Help? Furnace eats transformers...

QUESTION:

I'm starting to think that my furnace is haunted. It seems to hate the humidifier. Why? I dunno.
Here's the setup: It's an ordinary Janitrol furnace. On it is mounted an Aprilaire humidifier (110 model). Both came with the house, so I don't know their history.
The Aprilaire unit plugs in to a regular 110v wall outlet for its power to run a fan and a water valve. There is a control circuit wired up with a humidistat (upstairs), a 110v/24v transformer, and a relay in the humidifier. The transformer is tapped off of the blower circuit in the furnace.
So, if the humidistat is closed, and the blower is on, the relay in the humidifier closes, turning the fan on and opening the water valve. When either the humidistat opens, or the blower turns off, the relay opens and the humidifier turns off.
Simple, right?
Well, except for the fact that every fall I have to buy it a new transformer. I've done this for the past four or five years. The primary side of the transformer burns out (verified with a meter, and visual inspection). Stranger, still, is that last year I got tired of buying new transformers, so I wired in a switch to the 110v supply from the furnace to the transformer primary winding, and I turned it off at the end of the winter. Tonight, I turned it on, and presto! the d*mn primary winding on the transformer is burnt out again.
I've tried using a cheap 110v/12v doorbell transformer.

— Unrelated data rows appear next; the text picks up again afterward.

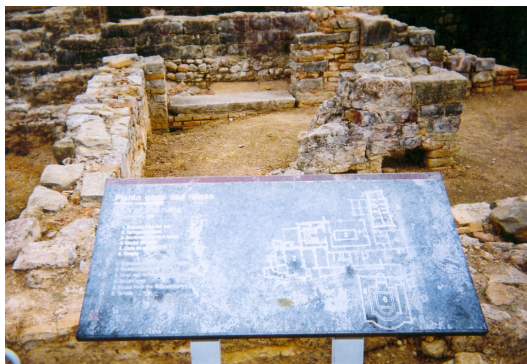
Figura n. ° 172: O painel explicativo dos vestígios romanos das Ruínas de Milreu.

Existem, igualmente, placas direccionais, setas vermelhas indicando o rumo que o turista/visitante deverá seguir, de forma a efectuar todo o circuito estipulado.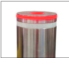
Opcional corona LED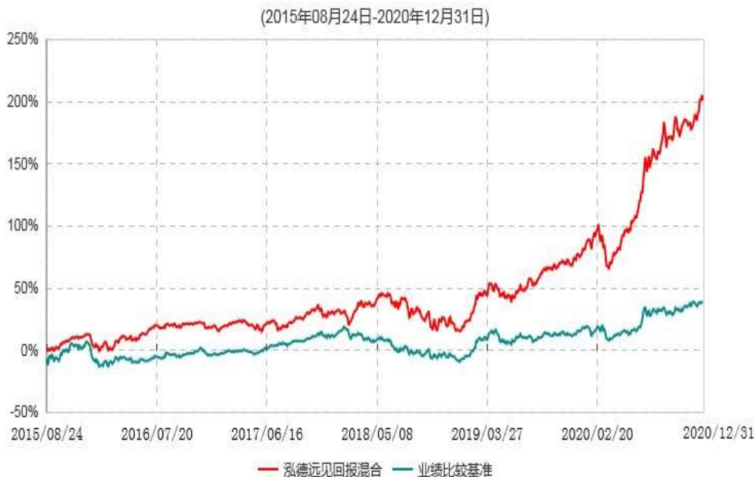
泓德远见回报混合型证券投资基金累计净值增长率与业绩比较基准收益率历史走势对比图

注：根据基金合同的约定，本基金建仓期为6个月，截至本报告期末，本基金的各项投资比例符合基金合同关于投资范围及投资限制规定。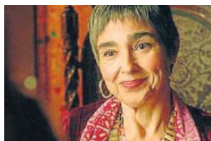
Señoras del (h)ampa TELECINCO. 22.40 H

50.000 euros: esta es la cifra que Mayte, Virginia y Amparo necesitan reunir para pagar el rescate de Lourdes, que permanece secuestrada por la banda de Carmona. Acuciadas por la situación tienen que tomar medidas a la desesperada.

That burned out the secondary winding keeping the relay energized for long periods of time. I've tried buying real Aprilaire branded transformers. As far as I can tell, it works fine through the winter, but somehow magically burns out over the summer. Yes, I know, magic is impossible, but I don't have any good explanation as to why a perfectly good transformer would burn out while physically disconnected from the circuit. And, I would expect a transformer rated at 110v input to survive on a 110v circuit, even if I didn't disconnect it.

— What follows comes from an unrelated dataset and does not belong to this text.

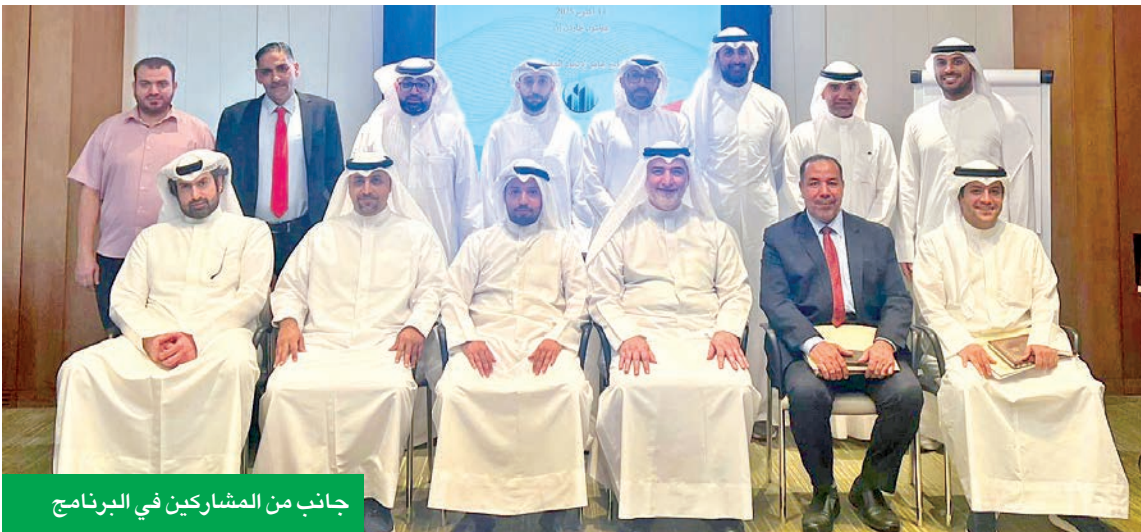
جانب من المشاركين في البرنامج

المدير العام لشركة شوري للاستشارات الشرعية، وتناول خلاله مجموعة من المحاور المتخصصة في

Any ideas? Am I just cursed? Should I buy a pallet-load of transformers and just consider them to be consumable parts, kinda like the filters and light bulbs? Is there a place I can buy a 110v/24v transformer that will survive more than 12 months in my house?

ANSWER:

There isn't much wiring to have a fault in. From the furnace controller, there are two 110vac wires (measured at 120vac +/- 1%) that come out to the blower motor. The 110v/24v transformer is tied in to this in parallel. Since it's the primary side of the transformer that goes, I don't think it can be anything in the 24v control circuit or the humidifier.

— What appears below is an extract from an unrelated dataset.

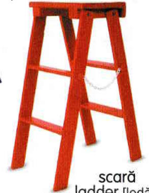
scară ladder [ledər]

What's really puzzling me, though, is how it manages to burn out. I put a switch on the 110v side of this and turned the thing off. The only logical conclusions are that it burned out before I turned it off (possible, but I'm pretty sure it was working fine at the end of the winter), it burned out _while_ turned off (impossible...), or it burned out as soon as I turned it on for the year (why? beats me.).